SELECT (timestamp '2017-01-01' - i * interval '1 month')::date - 1 AS month_last_date
FROM generate_series(-1, 10) i; -- generate 12 months, off-by-1
Input is the first day of the month - or calculate it from a given date or timestamp with date_trunc():
SELECT date_trunc('month', timestamp '2017-01-17')::date AS this_mon1
Subtracting an interval from a date produces a timestamp.
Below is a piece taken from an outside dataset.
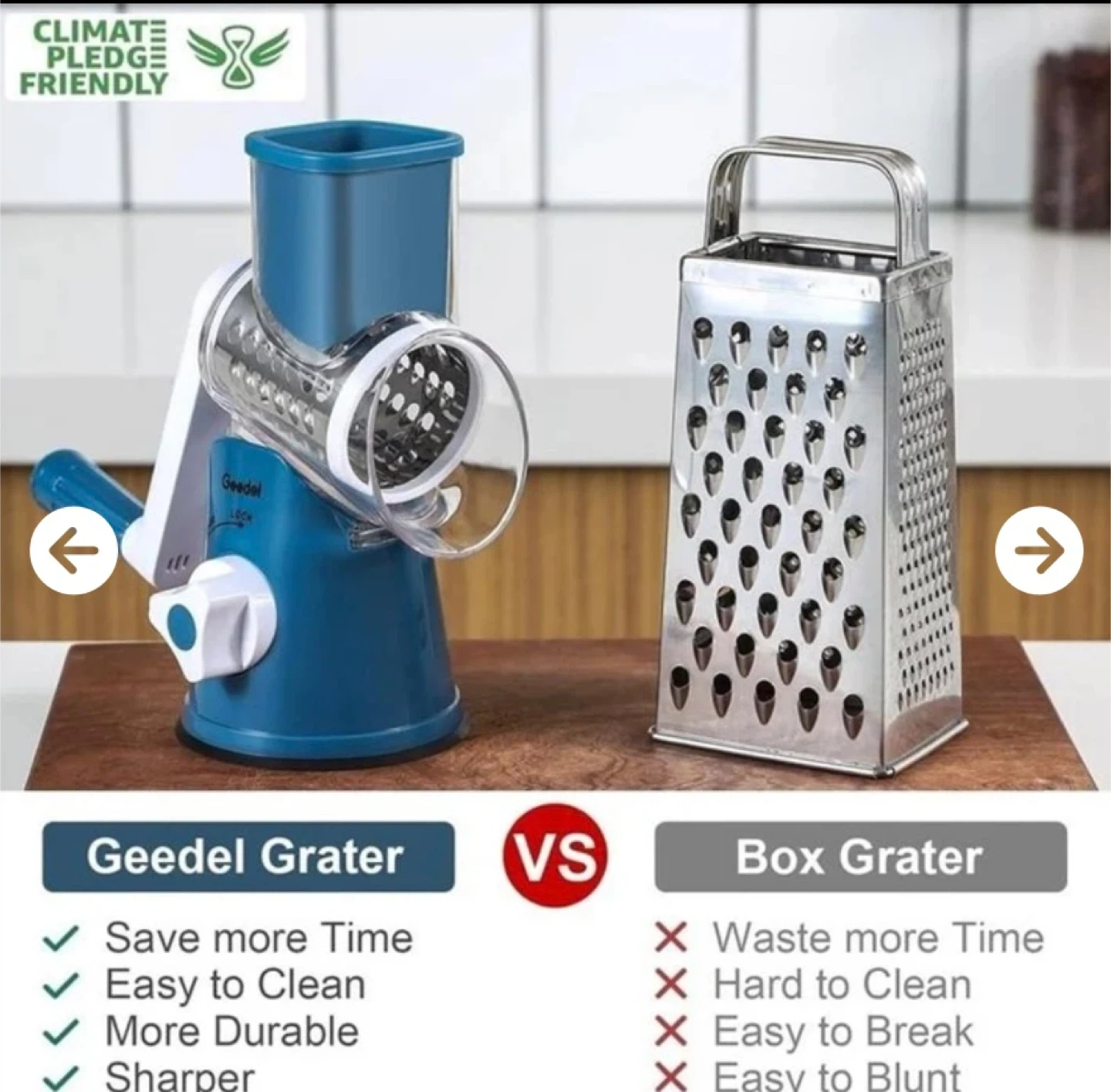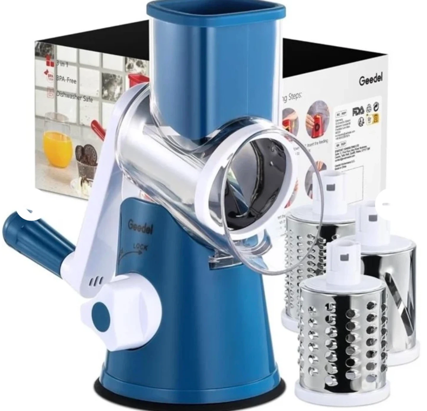 44I'm selling a brand new Geedel rotary drum grater, still in its original box! It's a 3-in-1 grater that's BPA-free and dishwasher safe. The box includes the user manual and all the accessories. It's designed to save you time, is easy to clean, more durable, and sharper than a traditional box grater. It's climate pledge friendly too!

After the cast back to date we can simply subtract an integer to subtract days.
2.
SELECT m::date - 1 AS month_last_date
FROM generate_series(timestamp '2017-02-01' - interval '11 month' -- for 12 months
, timestamp '2017-02-01'
, interval '1 mon') m;
Input is the first day of the next month - or calculate it from any given date or timestamp with:
SELECT date_trunc('month', timestamp '2017-01-17' + interval '1 month')::date AS next_mon1
Related:
How do I determine the last day of the previous month using PostgreSQL?
Create list with first and last day of month for given period
Not sure you actually need DISTINCT. Typically, (agent_id, month_last_date) would be defined unique, then remove DISTINCT ...
Be sure to use the LEFT JOIN correctly. Join conditions go into the join clause, not the WHERE clause:
Explain JOIN vs. LEFT JOIN and WHERE condition performance suggestion in more detail
Finally, default to 0 with COALESCE where NULL values are filled in by the LEFT JOIN.
Note that COALESCE cannot distinguish between actual NULL values from the right table and NULL values filled in for missing rows. If your columns are not defined NOT NULL, there may be ambiguity to address.
As I see, you need generate last days of all last 6 months, before certain date. (before "2017-01-31" in this case).
If I correctly understand, then you can use this query, which generates all of these days
SELECT (date_trunc('MONTH', mnth) + INTERVAL '1 MONTH - 1 day')::DATE
FROM
generate_series('2017-01-31'::date - interval '6 month', '2017-01-31'::date, '1 month') as mnth;
You just need LEFT JOIN this query to your existing query, and you get desirable result
Please note that this will returns 7 record (days), not 6.